The final bit of scaffolding we'll set up is an abstraction for database connections. A connection will have at most associated one transaction. Users must ask the database for a new connection. Then within the connection they can manage a transaction.

type Connection struct {
        tx *Transaction
        db *Database
}

func (c *Connection) execCommand(command string, args []string) (string, error) {
        debug(command, args)

        // TODO
        return "", fmt.Errorf("unimplemented")
}

func (c *Connection) mustExecCommand(cmd string, args []string) string {
        res, err := c.execCommand(cmd, args)
        assertEq(err, nil, "unexpected error")
        return res
}

func (d *Database) newConnection() *Connection {
        return &Connection{
                db: d,
                tx: nil,
        }
}

func main() {
        panic("unimplemented")
}

And that's it for scaffolding. Now set up the go module and make sure this builds.

$ go mod init gomvcc
go: creating new go.mod: module gomvcc
go: to add module requirements and sums:
        go mod tidy
$ go mod tidy
go: finding module for package github.com/tidwall/btree
go: found github.com/tidwall/btree in github.com/tidwall/btree v1.7.0
$ go build
$ ./gomvcc
panic: unimplemented

goroutine 1 [running]:
main.main()
        /Users/phil/tmp/main.go:166 +0x2c

Great!

Transaction management

When the user asks to begin a transaction, we ask the database for a new transaction and assign it to the current connection.

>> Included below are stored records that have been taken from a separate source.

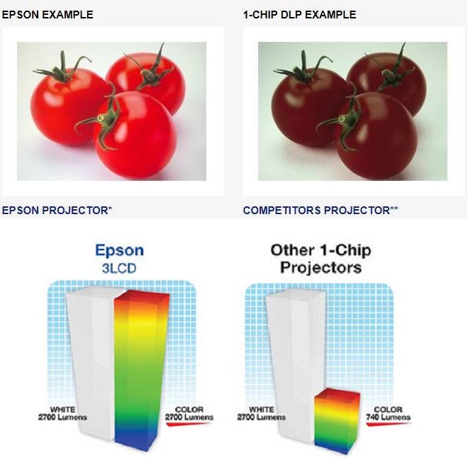 Máy chiếu Epson sử dụng công nghệ 3LCD (3 chip) có màu sắc tươi sáng hơn gấp 3 lần so với các đối thủ cạnh tranh kèm độ phân giải hợp lý XGA cùng công nghệ 3LCD đảm bảo hình ảnh sống động khiến máy chiếu Epson là máy chiếu lý tưởng cho ngành giáo dục hiện đại cùng một mức giá phải chăng. (Ví dụ với cùng cường độ sáng phát ra là 2700 Lumens)
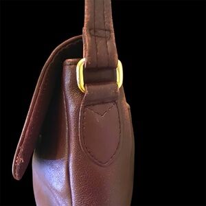 Gorgeous oxblood leather by Etienne Aigner! Beautiful and classic burgundy color, this leather has been cleaned and conditioned and ready for you to carry with all outfits. It has three compartments on the inside. The middle compartment is a zip up pocket. It has gold hardware that is still shiny. This brand is making a comeback and you should get one now before it’s too late. Measurements are approximate. 100% authentic.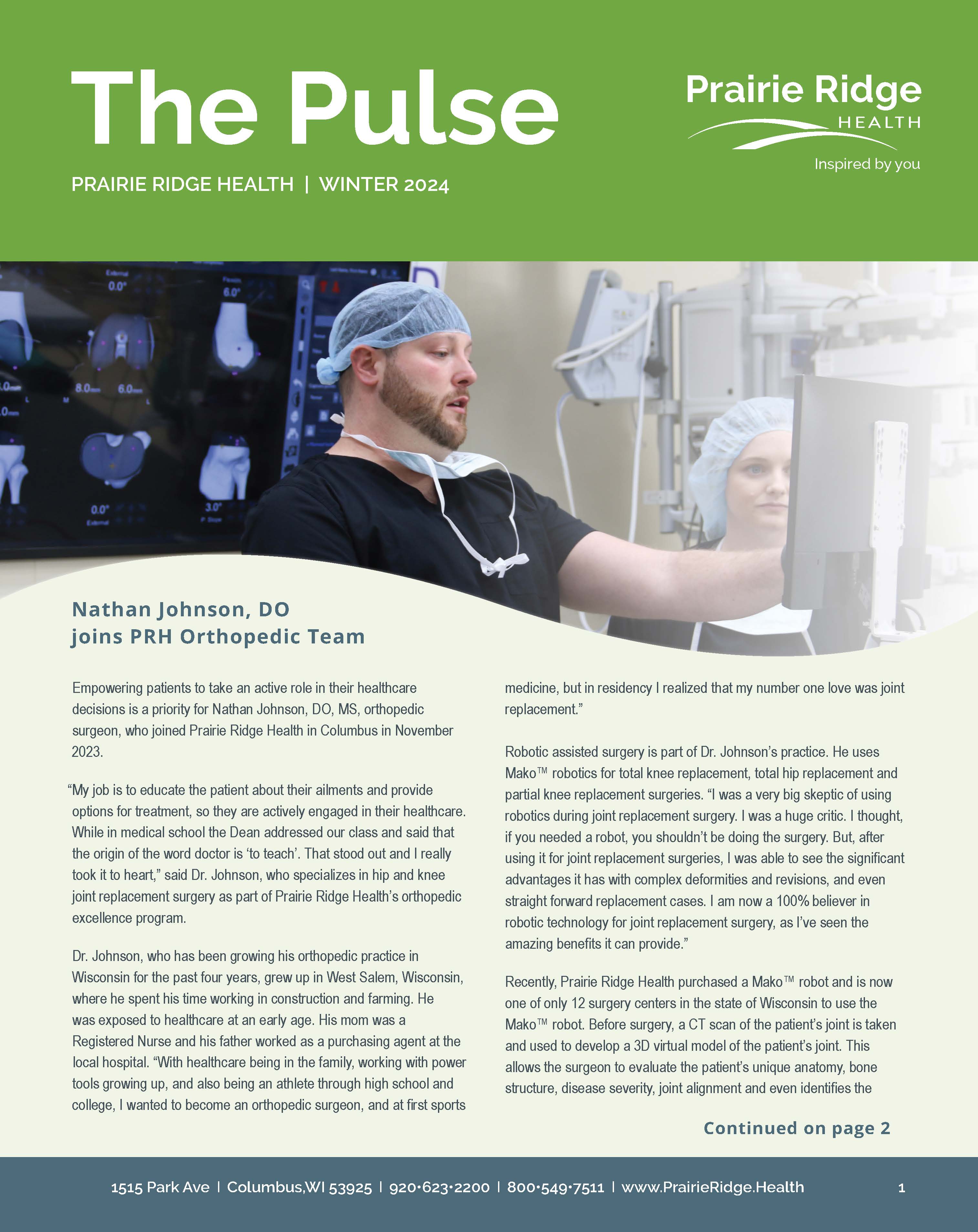 To be added to our mailing list contact the Marketing office at 920-623-1280 or Marketing@PrairieRidge.Health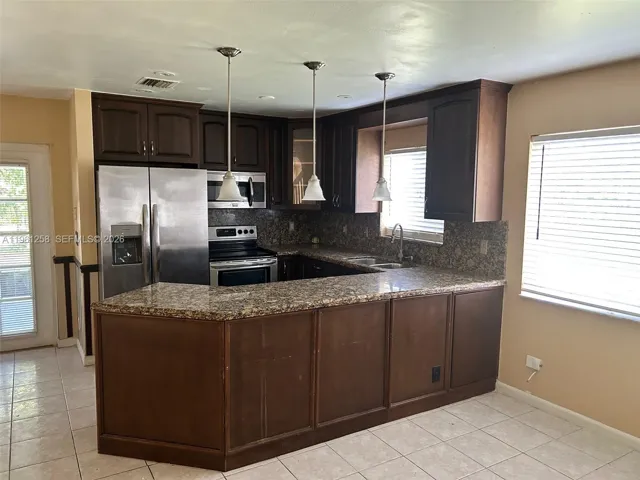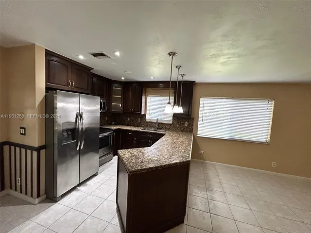 If you are looking for land, no neighbors behind you, low maintenance fee, mature fruit bearing trees, and room for a pool in Pembroke Pines, then this house is for you. The living room offers a generous area to welcome guest and is a great introduction to the home. The dining area offers a peek into the backyard where mango and avocado trees can be seen and become a source of conversation. There is a breakfast area next to the kitchen and the flow of the kitchen must be seen to appreciate. Hanging pendant lighting over the spacious primary granite kitchen counter is elegant and purposeful. The sink area has a window for viewing the backyard as well as brining in natural lighting to the space. The family room is where most of the congregating will take place as it is close to the kitchen, the heart beat of the house. The screened patio is where the breeze and the sound of the wind rustling through the leaves of the trees is priceless. The Primary suite is upstairs with its walk-in closet and spacious bath lounge area. Each of the 3 other bedrooms can easily hold a queen size bed. The garage is an actual garage that will accommodate two cars. This is a house that you must come and see it today.

 func (c *Connection) execCommand(command string, args []string) (string, error) {
         debug(command, args)

+       if command == "begin" {
+               assertEq(c.tx, nil, "no running transactions")
+               c.tx = c.db.newTransaction()
+               c.db.assertValidTransaction(c.tx)
+               return fmt.Sprintf("%d", c.tx.id), nil
+       }
+
         // TODO
         return "", fmt.Errorf("unimplemented")
 }

To abort a transaction, we call the completeTransaction method (which makes sure the database transaction history gets updated) with the AbortedTransaction state.

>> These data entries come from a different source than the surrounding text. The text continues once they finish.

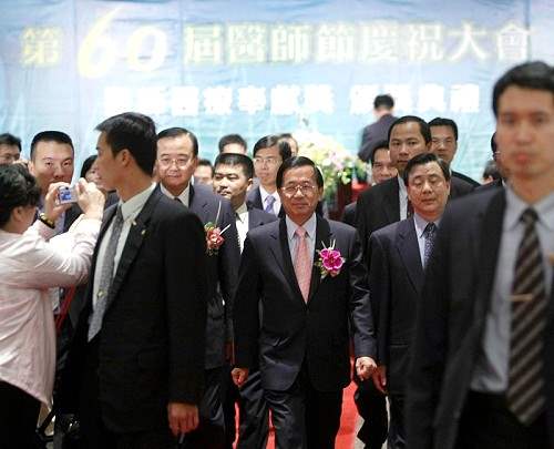 陳總統水扁先生下午應邀出席在台北國際會議中心舉辦的醫師公會全國聯合會第60屆醫師節慶祝大會,除應邀致詞感謝全國醫師前輩先進長期奉獻、照顧病人、改善國人的健康,並接受該會呈遞的醫療政策建言書。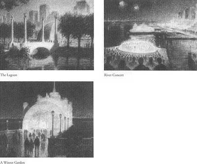 Three Manhattan Waterfront Views: New York Waterfront Competition, The Municipal Art Society, New York City: (1987) Artist/Designer: Richard Lovelace. Charcoal on tracing paper, each: 20.5cm 25.6cm These views perfectly illustrate the need of the image used in a design competition to impart a story boldly and with utmost impact; the tale here, told primarily by a masterful control of the effects of light, is as much about the proposal's contextual impact and emotive effect as about any design specifics. It is a powerful and economic interpretation of form and space.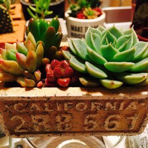 台が手のひらサイズのミニチュア寄せ植え⌄̈⃝ 左が縦に伸びる多肉ちゃん♪♪ 右がセダム属♪♪でまとめてみたよ( ˊᵕˋ )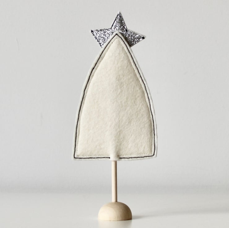 Trees are created using free hand machine embroidery, 100% wool felt, glitter cloth and a sanded wooden trunk and base.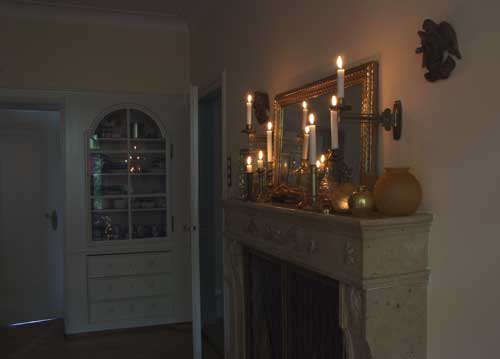 bildreich karten PK 563: heiligberger weihnacht II. Querformat. (Kerzen, Cheminée, Kamin, Kerzenständer, Wohnzimmer, Heiligberg)
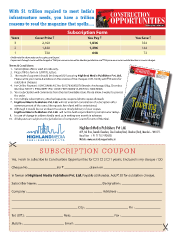 With $1 trillion required to meet India's infrastructure needs, you have a trillion reasons to read the magazine that spells..... Subscription Form Years Cover Price ` You Pay ` You Save ` 3 2,160 1,836 324 2 1,440 1,296 144 1 720 648 72 Kindly note the above rates are for copies sent by post. Copies sent through courier will be charged at `360 per annum extra within Mumbai jurisdiction and `720 per annum extra outside Mumbai as courier charges. Terms & Conditions: 1. Subscription ofer is valid in India only. 2. Please fll the form in CAPITAL letters. 3. The mode of payment should be cheque/DD favouring Highland Media Publishers Pvt. Ltd. Please write your name & address on the reverse of the cheques / DD. Kindly add `50 extra for outstation cheques. 4. For Online Payment: HDFC BANK A/C No: 00137630000278 Branch: Anchorage Bldg, Chembur, Mumbai 400 071. RTGS/NEFT IFSC CODE: HDFC0000013 MICR No. 400240008. 5. Your subscription will commence from the next available issue. Please allow 3 weeks to process the order. 6. For multiple subscriptions, attached separate coupons (photo copies allowed). 7. Highland Media Publishers Pvt. Ltd. will not entertain cancellation of subscription after commencement of the same. No requests for refund will be entertained. 8. Although it would be our endeavor to ensure timely delivery of your copies, Highland Media Publishers Pvt. Ltd. will not be held responsible for postal/courier delays. 9. In case of change in address kindly send us in writing one month in advance. 10. All disputes are subject to the jurisdiction of competent Courts/Forums of Mumbai. Highland Media Publishers Pvt Ltd. 609, 6th Floor, Swastik Chambers, Sion-Trombay Road, Chembur (East), Mumbai – 400 071. Board Line: +91 22 25271902/03 Website: www.constructionopportunities.in SubScription coupon Yes, I wish to subscribe to Construction Opportunities for 3 2 1 year/s. Enclosed is my cheque / DD Cheque No._________________ for ` _______________drawn on ___________________________________ in favour of Highland Media Publishers Pvt. Ltd. Payable at Mumbai. Add ` 50 for outstation cheque. Subscriber Name : ______________________________________ Designation : ________________________ Company : _______________________________________ _____ Adddress : __________________________ _________________________________________________________________________________________ _______________________________________ City : _________________________ Pin : _______________ Tel. (Of.) : ______________________ Resi.: _________________________ Fax : ________________________ Mobile : ________________________ Email : ____________________________________________________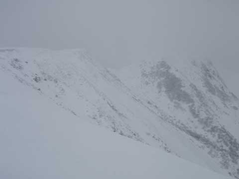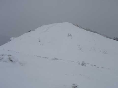 牛の背の山稜が だだっ広くて 雪に覆われ、進むべき 目標となる 多くの

                return fmt.Sprintf("%d", c.tx.id), nil
        }

+       if command == "abort" {
+               c.db.assertValidTransaction(c.tx)
+               err := c.db.completeTransaction(c.tx, AbortedTransaction)
+               c.tx = nil
+               return "", err
+       }
+
         // TODO
         return "", fmt.Errorf("unimplemented")
 }

And to commit a transaction is similar.

                return "", err
        }

+       if command == "commit" {
+               c.db.assertValidTransaction(c.tx)
+               err := c.db.completeTransaction(c.tx, CommittedTransaction)
+               c.tx = nil
+               return "", err
+       }
+
         // TODO
         return "", fmt.Errorf("unimplemented")
 }

The neat thing about MVCC is that beginning, committing, and aborting a transaction is metadata work. Committing a transaction will get a bit more complex when we add support for Snapshot Isolation and Serializable Isolation, but we'll get to that later. Even then, it will not involve modifying any values we get, set, or delete.

Get, set, delete

Here is where things get fun. As mentioned earlier, the key-value store is actually map[string][]Value. With the more recent versions of a value at the end of the list of values for the key.

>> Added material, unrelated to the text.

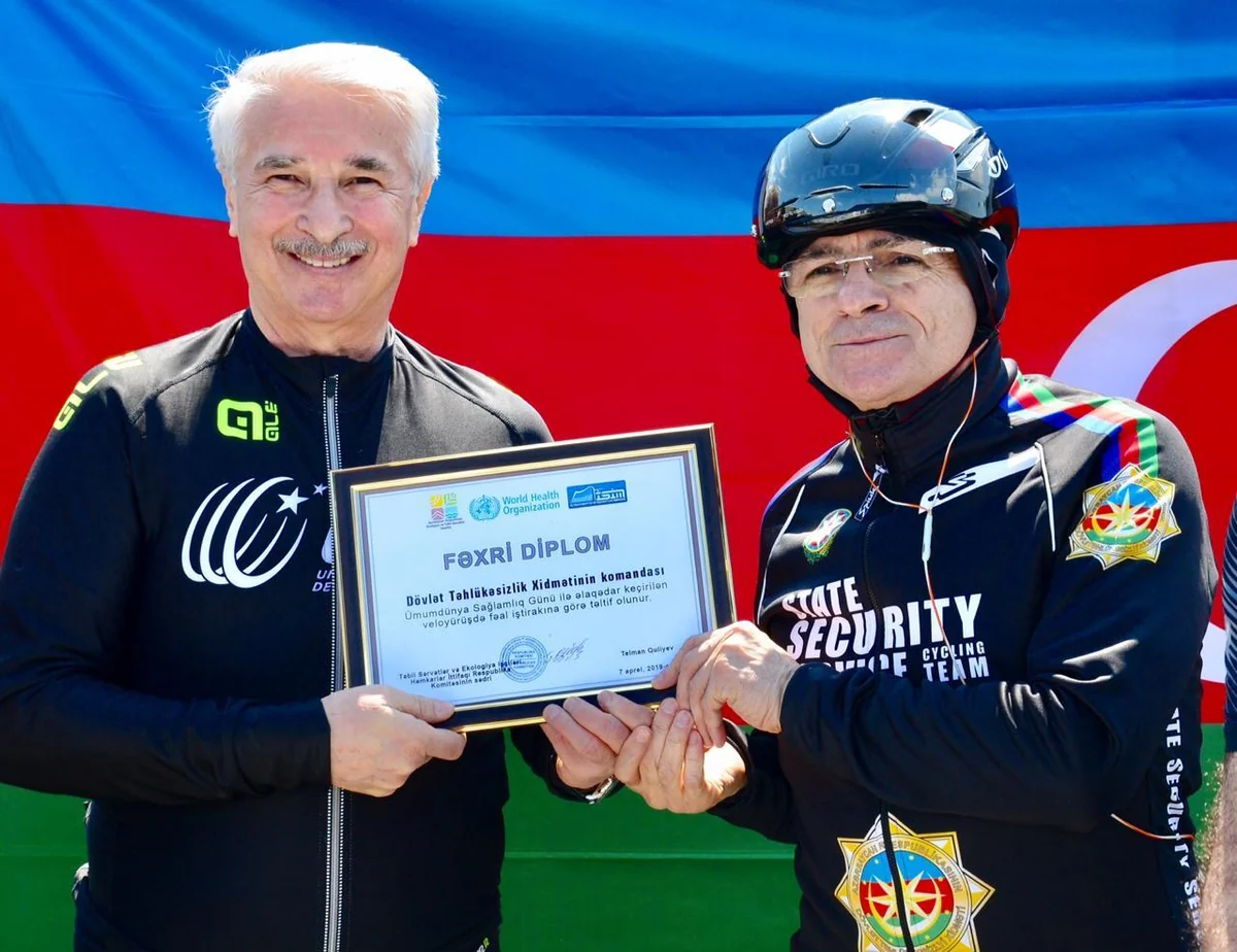 Dövlət Təhlükəsizlik Xidmətinin rəisi, general Mədət Quliyev, ekologiya və təbii sərvətlər nazirinin müavini Firdovsi Əliyev, vergilər nazirinin müavini Sahib Ələkbərovun da iştirak etdiyi veloyürüş Umumdünya Sağlamlıq günü ilə əlaqədar Ekologiya və Təbii Səırvətlər Nazirliyinin təşəbbüsü, Səhiyyə Nazirliyi İctimai Səhiyyə və İslahatlar Mərkəzi və Dünya Səhiyyə Təşkilatının təşkilatçılığı, Azərbaycan Velosiped İdmanı Federasiyası və Respublika Olimpiya Velosiped Məktəbinin dəstəyi ilə təşkil edilib.

For get support, we'll iterate the list of value versions backwards for the key. And we'll call a special new isvisible method to determine if this transaction can see this value. The first value that passes the isvisible test is the correct value for the transaction.

                return "", err
        }

+       if command == "get" {
+               c.db.assertValidTransaction(c.tx)
+
+               key := args[0]
+
+               c.tx.readset.Insert(key)
+
+               for i := len(c.db.store[key]) - 1; i >= 0; i-- {
+                       value := c.db.store[key][i]
+                       debug(value, c.tx, c.db.isvisible(c.tx, value))
+                       if c.db.isvisible(c.tx, value) {
+                               return value.value, nil
+                       }
+               }
+
+               return "", fmt.Errorf("cannot get key that does not exist")
+       }
+
         // TODO
         return "", fmt.Errorf("unimplemented")
 }

I snuck in tracking which keys are read, and we'll also soon sneak in tracking which keys are written. This is necessary in stricter isolation levels. More on that later.

set and delete are similar to get. But this time when we walk the list of value versions, we will set the txEndId for the value to the current transaction id if the value version is visible to this transaction.

Then, for set, we'll append to the value version list with the new version of the value that starts at this current transaction.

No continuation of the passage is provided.